§ **Task requirements**: Which lines come from the start of the listing through the line holding "Moduł ACX-220 umożliwia"? Restate exactly those, both included, minus the pictures.

§ **Information shown**:
----
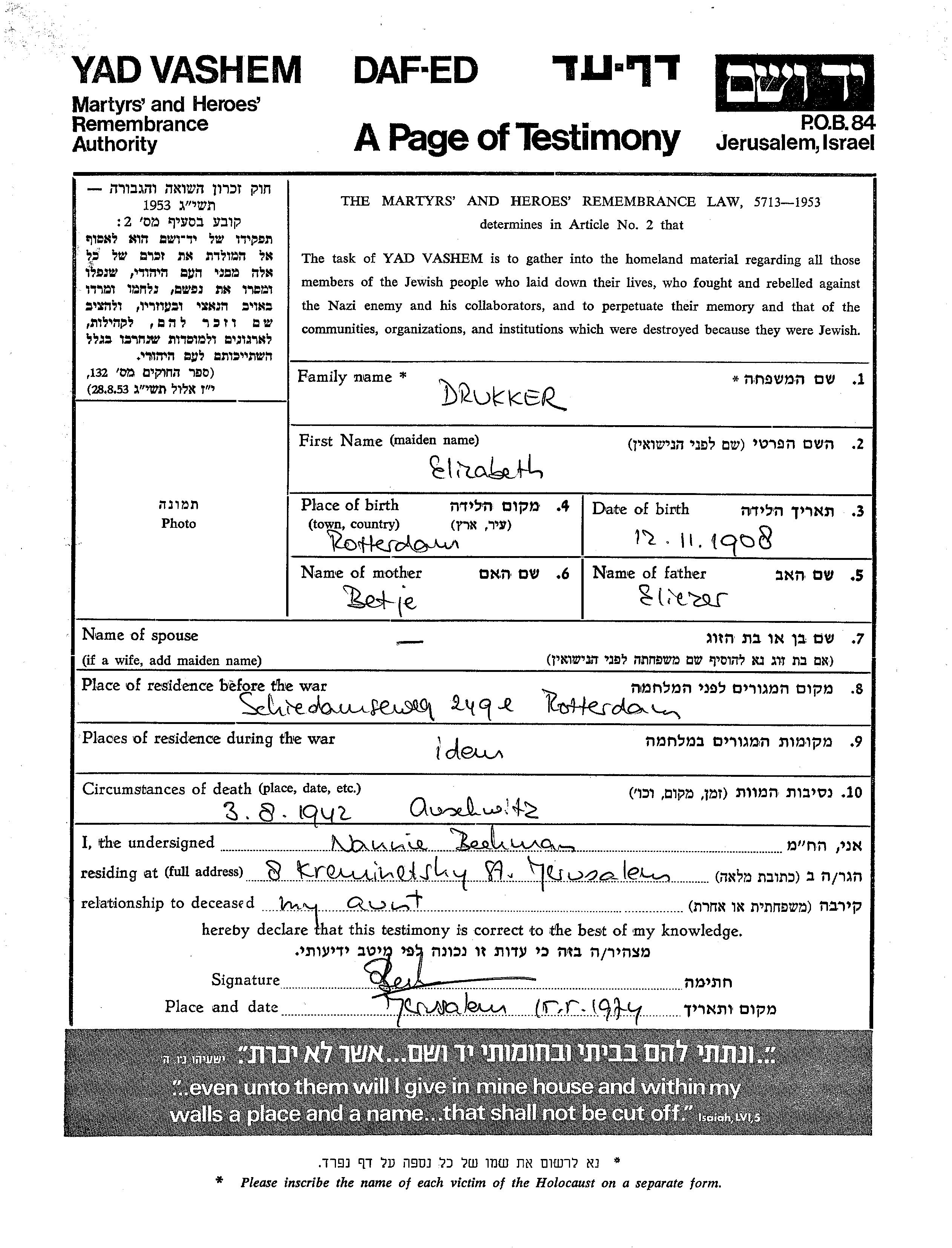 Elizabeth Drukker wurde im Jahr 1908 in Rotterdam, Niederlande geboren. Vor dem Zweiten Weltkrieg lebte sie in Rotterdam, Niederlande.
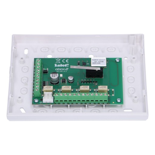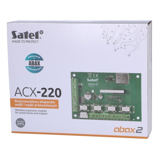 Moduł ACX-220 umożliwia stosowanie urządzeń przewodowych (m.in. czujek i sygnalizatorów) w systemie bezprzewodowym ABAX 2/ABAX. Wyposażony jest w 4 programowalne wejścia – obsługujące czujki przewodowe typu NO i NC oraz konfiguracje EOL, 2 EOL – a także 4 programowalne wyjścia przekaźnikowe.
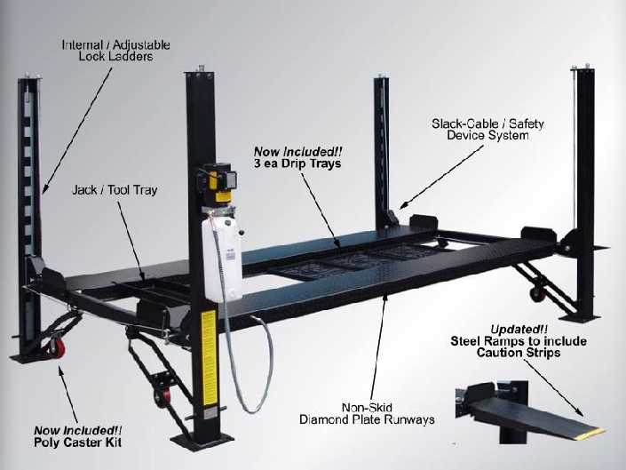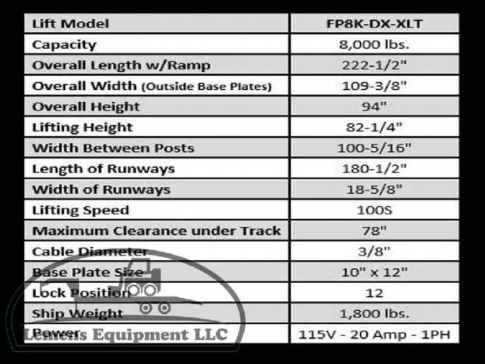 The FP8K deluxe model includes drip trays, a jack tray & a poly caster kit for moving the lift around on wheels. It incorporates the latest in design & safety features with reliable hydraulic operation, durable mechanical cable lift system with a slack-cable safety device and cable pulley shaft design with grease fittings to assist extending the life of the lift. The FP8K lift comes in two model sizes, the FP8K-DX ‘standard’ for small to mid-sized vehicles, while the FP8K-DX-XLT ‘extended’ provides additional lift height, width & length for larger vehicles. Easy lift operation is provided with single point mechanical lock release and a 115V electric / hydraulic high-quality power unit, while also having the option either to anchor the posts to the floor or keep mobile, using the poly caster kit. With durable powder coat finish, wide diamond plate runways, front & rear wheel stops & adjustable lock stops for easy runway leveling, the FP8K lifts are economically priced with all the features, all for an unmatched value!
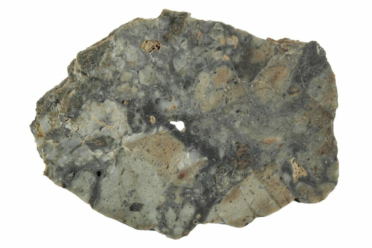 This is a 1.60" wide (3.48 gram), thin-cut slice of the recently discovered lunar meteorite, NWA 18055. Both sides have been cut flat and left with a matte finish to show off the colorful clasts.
----
§ **Result of the exercise**:
 Elizabeth Drukker wurde im Jahr 1908 in Rotterdam, Niederlande geboren. Vor dem Zweiten Weltkrieg lebte sie in Rotterdam, Niederlande.
 Moduł ACX-220 umożliwia stosowanie urządzeń przewodowych (m.in. czujek i sygnalizatorów) w systemie bezprzewodowym ABAX 2/ABAX. Wyposażony jest w 4 programowalne wejścia – obsługujące czujki przewodowe typu NO i NC oraz konfiguracje EOL, 2 EOL – a także 4 programowalne wyjścia przekaźnikowe.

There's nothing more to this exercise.